# Monks and sleep/meditation



## willardthor (Jul 25, 2011)

Hi,

In the Monk class description, it says, under "Ki Pool",



> The ki pool is replenished each morning after 8 hours of rest or meditation; these hours do not need to be consecutive.




Can the Monk rest through meditation? If so, how perceptive is the Monk in a meditative state?

If not, do you know of any (non-item) way (feats, prestige classes, etc.) to let a Monk rest through meditation? (I like the flavor of such a character)

Thanks,
Willard.


----------



## Nebten (Jul 25, 2011)

No you cannot rest through meditation. The 1 hour meditation is similar to the 1 hour used for prayer for clerics or the 1 hour used for wizards to memorize spells. 

There is no offical way to rest through meditation, but you may want to speak with your DM to achieve this bit of flavor.


----------



## willardthor (Jul 25, 2011)

The 1 hour meditation is something you see with casters only, as for them, picking spells is separate from resting.
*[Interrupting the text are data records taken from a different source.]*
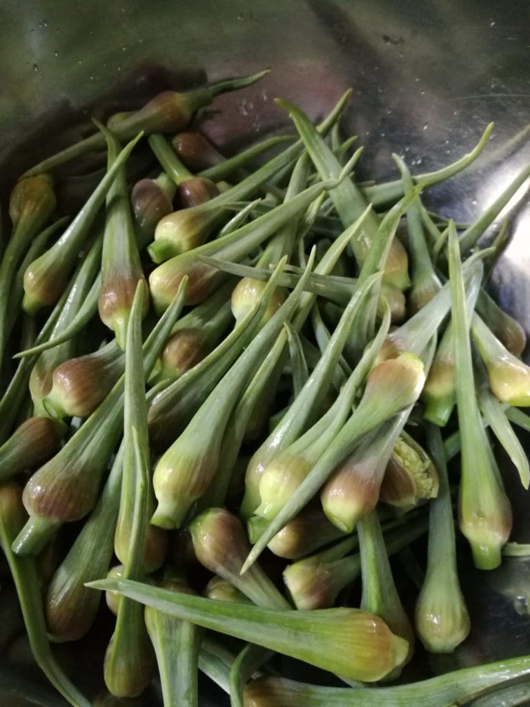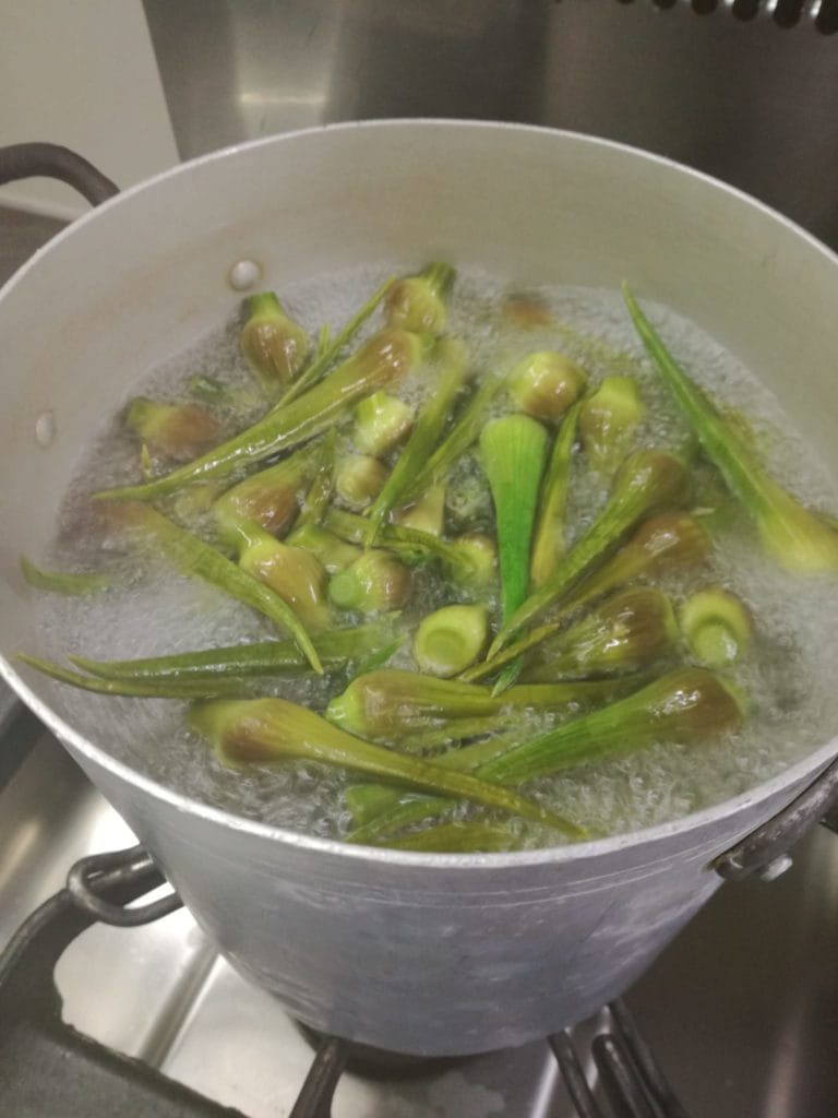 Tanto semplice quanto al tempo stesso un po’ laboriosa. Non fosse altro per il fatto che i ceci vanno tenuti a bagno almeno un giorno ( magari cambiando l’acqua una volta), scolati ( abbiamo già una ciotola e un colino da lavare ) , messi in una pentola, ricoperti di acqua e messi a cuocere. Poi, in molti casi ( sempre dipende da come voi fate la vostra minestra) ci vuole un’altra pentola dove cominciare la minestra vera e propria. È il mio caso. Addirittura oggi di pentola ne ho una in più dove ho messo a stufare piano piano i germogli di aglione affettati sottilmente. C’è un motivo per cui faccio così, e tra un attimo ve lo dico.
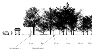 The method proposed by Oliveira et al. (2018) was used to assess the influence of green areas on noise reduction, by which two sound pressure level readers/decibel meters model DEC-470 (accuracy of ± 1.5 dB) recorded environmental sound at distances of 0, 5, 10, 15, 20, 25, 30, 35, 40, 45, 50, 55 and 60 m in the three monitoring sites (A, B, C), as previously described (Fig.3). Simultaneous measurements were performed in two different conditions: one at the source of the noise on the edge of the avenue, and the other at different distances from the source, with three repetitions (5 min of collection, each 30 seconds apart) [6].
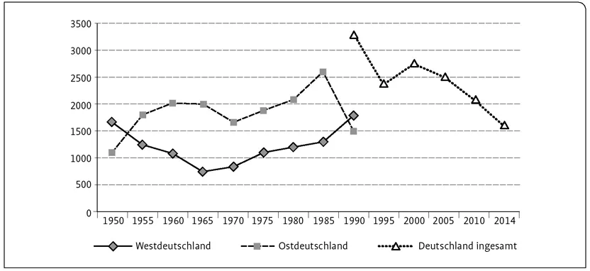 In der Nachkriegszeit nahm die Entwicklung der Schafbestände in Westdeutschland und der ehemaligen DDR einen unterschiedlichen Verlauf (Abb. 1). In Westdeutschland gingen die Schafzahlen zurück, da sich aufgrund der weiter fallenden Wollpreise die Einkommenslage der Schafhaltung erheblich verschlechtert hatte. Mitte der 60er-Jahre wurde ein Tiefstand von nur noch 700 000 Schafen erreicht. Mit der Neuausrichtung der Schafhaltung auf das Produktionsziel Lammfleischerzeugung erholte sich der westdeutsche Schafbestand wieder allmählich, sodass 1990 ein Bestand von 1,7 Mio. Schafen gezählt wurde. Unterstützt wurde diese Entwicklung durch die 1980 eingeführte EG-Marktordnung für Schaffleisch und die damit verbundene Mutterschafprämie sowie die zunehmende Verbreitung der Koppelschafhaltung, die der Schafhaltung auch im Nebenerwerb beste Möglichkeiten bot.
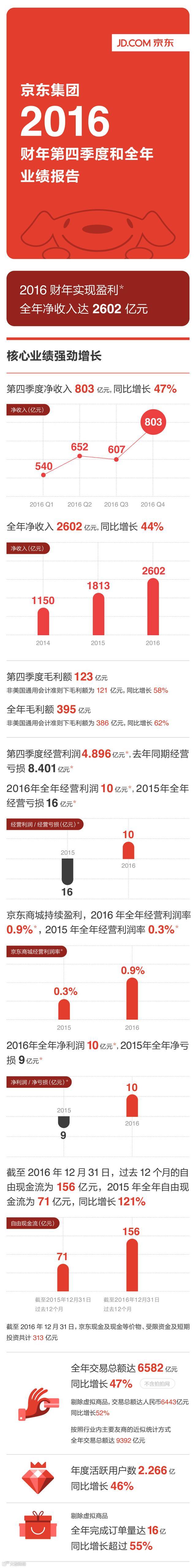 2017年3月2日晚,京东集团(纳斯达克股票代码:JD)发布了2016年第四季度及全年业绩。京东继续保持大幅领先于行业的高质量增长态势,全年净收入高达2602亿元,同比增长44%,并实现年度扭亏为盈,非美国通用会计准则下(Non-GAAP)年度净利润达10亿元人民币。
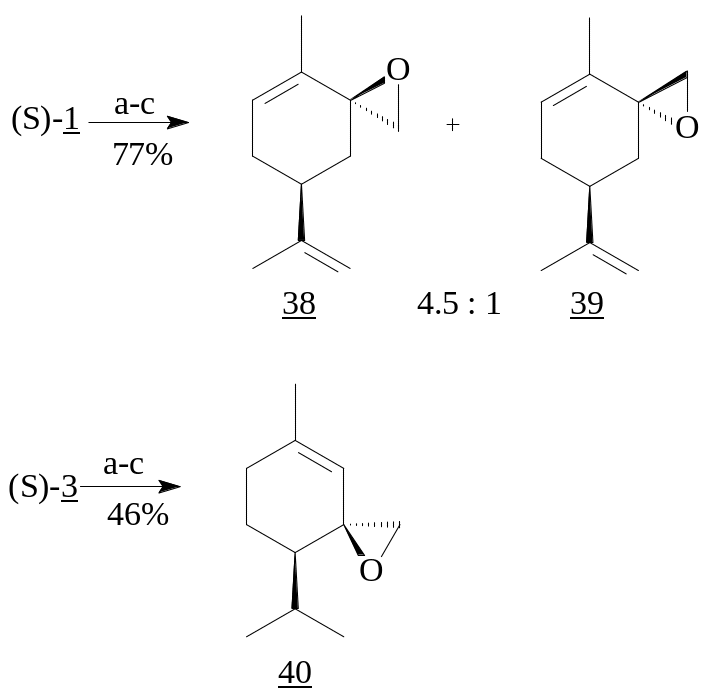 Использование данной методики для енона (S)-(1) привело к смеси эпоксидов (38) и (39) в соотношении 4.5:1, в то время как S-(+)-пиперитон (3) дал один изомер (40) с выходом 90%.
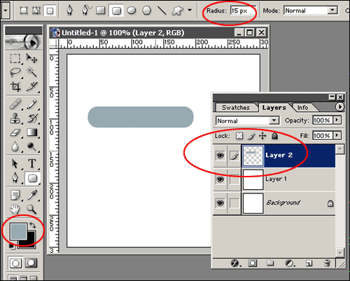 3. หลังจากนั้นให้เราสร้าง Layer ขึ้นมาใหม่อีก 1 Layer เป็น Layer ที่ 2 แล้ววาดปุ่มลงไป สีปุ่ม #98AAB1
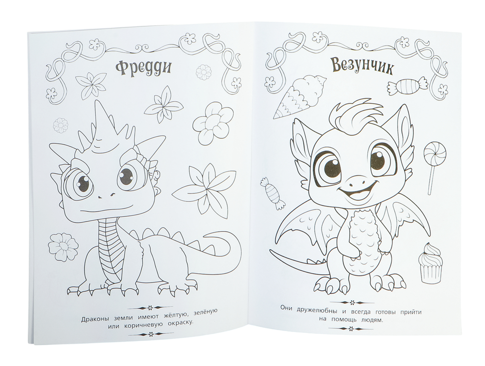 Эта увлекательная раскраска познакомит ребёнка с забавными дракончиками. Раскрашивая картинки с чёткими контурами, он приятно проведёт время, потренирует руку к письму и узнает много нового про удивительный мир драконов. Благодаря удобному формату раскраску можно взять с собой в дорогу.
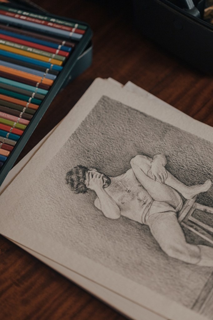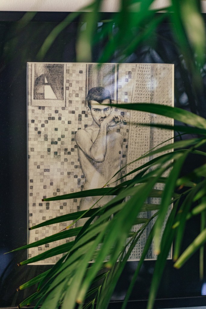 La pintura todavía sin terminar en su taller sigue el mismo hilo conductor, así como muchos de sus dibujos. Empieza por la foto y luego decide hacia qué medio llevarla. Disfruta trabajar con lápiz en dibujo y explorar colores fuertes y pálidos en pintura. Su taller es la habitación más luminosa de la casa. Hay cuadros de Héctor Delgado, Amadeo González y un par sin colgar de To+ Lab con su signo solar y lunar: Tauro y Piscis. Un elemento más del estudio es su moto: para Andrés, tal como la pintura, el vehículo se define como “un elemento más de independencia”.
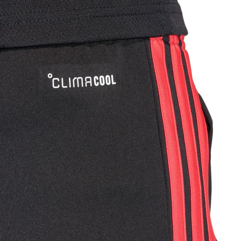adidas Tiro 26 League Training Shorts, Black and Red JY9716. These adidas men's shorts are perfect for the game. Part of the Tiro line, they feature a standard fit. They feature an elastic waistband with an internal drawcord. They feature Climacool technology and an interlock construction. They feature side stripes and a small embroidered logo. Material: 100% recycled polyester.
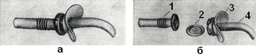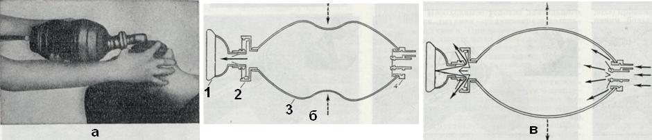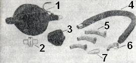 Дыхательная трубка ТД-1.02 состоит из разъемных мундштука с гофрировкой, нереверсивного клапана, нагубника, воздуховода (рис. 16). Аппараты ДП-10.О2, АДР-2 состоят из дыхательного латексного мешка в резиновой камере, двух нереверсивных клапанов и клапанного устройства для подачи кислорода. В комплекты входят аппараты, гофрированная трубка, маски, патрубки для кислорода, роторасширитель, языкодержатель и другое (рис. 17).

I parsed the Monk Ki regain description as


8 hours of rest, or
8 hours of meditation,

which is what got me wondering.


----------



## StreamOfTheSky (Jul 27, 2011)

You could meditate to get your ki pool back, during which you'd still be just about as aware as normal (perhaps apply the Fascinated condition for the mechanical effect if you want).  But you would not get rest from meditating, so that would carry its own issues...


----------



## Dingo333 (Jul 27, 2011)

8 hours meditation = 8 hours rest for a monk (probally not anyone else)

other wise you have 16 hours a day of inactive charracter, which would be no fun at all, worse then the 15 minute adventuring day i feel

there is also that or in there between rest and meditation, meaning you could just rest to get the pool back, assuming you are gonna still rufuse the meditation is rest argument


----------



## Brett Weaver (Feb 13, 2017)

3e rules used meditation for monks to cut rest in half. Suggest that to your dm


----------